It was a depressing time: reaching the end of the twentieth century, expecting our first child and reading Irish novels. The prospect of being an Irish father was not encouraging. It seemed that most of the literature generated from John Bull’s other island could be summarised as ‘bad Da: sad Ma.’ The countless creative minds forged in the smithy of a good-for-nothing waster of an Irish male progenitor was little consolation as I fretted in the maternity hospital waiting room. Maybe the best thing an Irish father could do for his child was either offer her up for adoption or help her negotiate a reasonable book advance.

44: A Dublin Memoir by Peter Sheridan, Reading in the Dark by Seamus Deane, Angela’s Ashes by Frank McCourt; it was tough going. When would the Celtic Tiger kick in and throw up In My Father’s Footsteps: Making it to the Top by Gavin O’Reilly, or Daddy’s Little Helper by Sean Haughey, or The Miracle of Love by Ian Paisley, Jr.?
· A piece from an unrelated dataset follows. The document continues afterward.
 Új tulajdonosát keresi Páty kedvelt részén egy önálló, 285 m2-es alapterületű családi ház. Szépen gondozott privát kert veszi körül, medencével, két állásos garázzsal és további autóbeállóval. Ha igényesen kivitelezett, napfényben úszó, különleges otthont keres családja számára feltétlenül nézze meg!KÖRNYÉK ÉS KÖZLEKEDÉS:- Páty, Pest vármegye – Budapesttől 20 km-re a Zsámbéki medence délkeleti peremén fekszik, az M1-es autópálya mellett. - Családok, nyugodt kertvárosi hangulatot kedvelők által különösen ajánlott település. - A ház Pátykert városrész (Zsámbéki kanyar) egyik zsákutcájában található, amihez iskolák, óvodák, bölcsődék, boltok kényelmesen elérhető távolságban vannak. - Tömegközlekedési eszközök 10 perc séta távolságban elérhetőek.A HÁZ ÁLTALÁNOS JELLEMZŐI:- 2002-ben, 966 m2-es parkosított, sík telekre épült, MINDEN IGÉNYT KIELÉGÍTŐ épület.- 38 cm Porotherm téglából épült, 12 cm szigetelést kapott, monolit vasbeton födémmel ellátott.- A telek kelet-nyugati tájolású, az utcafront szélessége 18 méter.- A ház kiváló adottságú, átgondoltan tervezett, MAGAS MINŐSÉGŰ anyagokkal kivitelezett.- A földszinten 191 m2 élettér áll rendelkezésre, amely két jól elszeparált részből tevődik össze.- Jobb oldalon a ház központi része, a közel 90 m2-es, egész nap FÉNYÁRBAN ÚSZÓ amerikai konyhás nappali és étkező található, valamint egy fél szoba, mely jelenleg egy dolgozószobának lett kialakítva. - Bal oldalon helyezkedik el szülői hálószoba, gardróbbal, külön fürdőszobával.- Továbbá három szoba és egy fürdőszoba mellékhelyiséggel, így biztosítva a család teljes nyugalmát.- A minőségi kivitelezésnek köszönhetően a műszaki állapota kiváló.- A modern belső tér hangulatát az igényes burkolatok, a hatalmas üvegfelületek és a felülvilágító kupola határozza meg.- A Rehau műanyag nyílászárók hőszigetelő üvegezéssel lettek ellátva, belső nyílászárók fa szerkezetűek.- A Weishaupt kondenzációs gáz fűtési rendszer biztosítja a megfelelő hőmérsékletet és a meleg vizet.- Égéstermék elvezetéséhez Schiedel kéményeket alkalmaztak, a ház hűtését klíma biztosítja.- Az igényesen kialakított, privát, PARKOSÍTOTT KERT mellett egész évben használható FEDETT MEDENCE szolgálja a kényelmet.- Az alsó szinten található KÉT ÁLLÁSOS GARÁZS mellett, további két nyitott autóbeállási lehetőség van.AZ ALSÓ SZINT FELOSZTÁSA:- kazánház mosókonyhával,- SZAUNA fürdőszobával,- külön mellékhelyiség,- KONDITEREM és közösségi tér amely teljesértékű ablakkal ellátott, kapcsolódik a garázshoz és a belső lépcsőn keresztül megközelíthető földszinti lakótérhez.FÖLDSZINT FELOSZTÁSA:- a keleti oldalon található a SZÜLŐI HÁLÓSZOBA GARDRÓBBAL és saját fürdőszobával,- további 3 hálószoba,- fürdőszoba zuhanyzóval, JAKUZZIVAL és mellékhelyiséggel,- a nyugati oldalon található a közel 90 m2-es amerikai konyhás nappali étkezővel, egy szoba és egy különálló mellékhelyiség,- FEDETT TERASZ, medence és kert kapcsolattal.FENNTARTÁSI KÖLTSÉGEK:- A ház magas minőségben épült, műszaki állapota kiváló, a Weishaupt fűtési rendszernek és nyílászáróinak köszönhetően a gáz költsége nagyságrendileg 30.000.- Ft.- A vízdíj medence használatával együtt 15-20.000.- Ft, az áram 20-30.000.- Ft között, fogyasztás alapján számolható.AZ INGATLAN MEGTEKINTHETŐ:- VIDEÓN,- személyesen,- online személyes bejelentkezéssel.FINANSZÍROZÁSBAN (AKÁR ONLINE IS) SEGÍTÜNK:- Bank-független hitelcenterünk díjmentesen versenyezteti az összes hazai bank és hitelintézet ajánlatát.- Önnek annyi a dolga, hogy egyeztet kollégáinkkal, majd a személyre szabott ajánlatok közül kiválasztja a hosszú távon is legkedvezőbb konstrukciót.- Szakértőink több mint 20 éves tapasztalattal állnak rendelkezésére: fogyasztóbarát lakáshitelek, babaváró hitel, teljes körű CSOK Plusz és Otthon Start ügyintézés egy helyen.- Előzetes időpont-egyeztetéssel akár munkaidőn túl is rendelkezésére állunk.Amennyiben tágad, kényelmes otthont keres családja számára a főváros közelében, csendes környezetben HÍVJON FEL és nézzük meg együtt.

It was with not a little anxiety that l approached a new millennium of Irish writing (somewhat haphazardly to boot-living away from Dublin I don’t exactly have my finger on the pulse). Would the Irish father be any better now that he drank wine and went on skiing holidays? What remained of Irish national identity now that we were no longer poor and Catholic? On what common ground would the nation meet without the shepherding hand of Gay Byrne? Would peace, prosperity and longer opening hours make us less interesting, less intense?

The first answers came with Dermot Bolger’s The Valparaiso Voyagee. It proved impossible to get away from the lousy father but perhaps l was hoping for too much; at least a nasty stepmother was a start. It was a very exciting book, portraying an Irish society in the grip of tribunals, development, and immigration. What was intriguing was that the narrative started as a miserable Irish childhood but ended up being a political thriller.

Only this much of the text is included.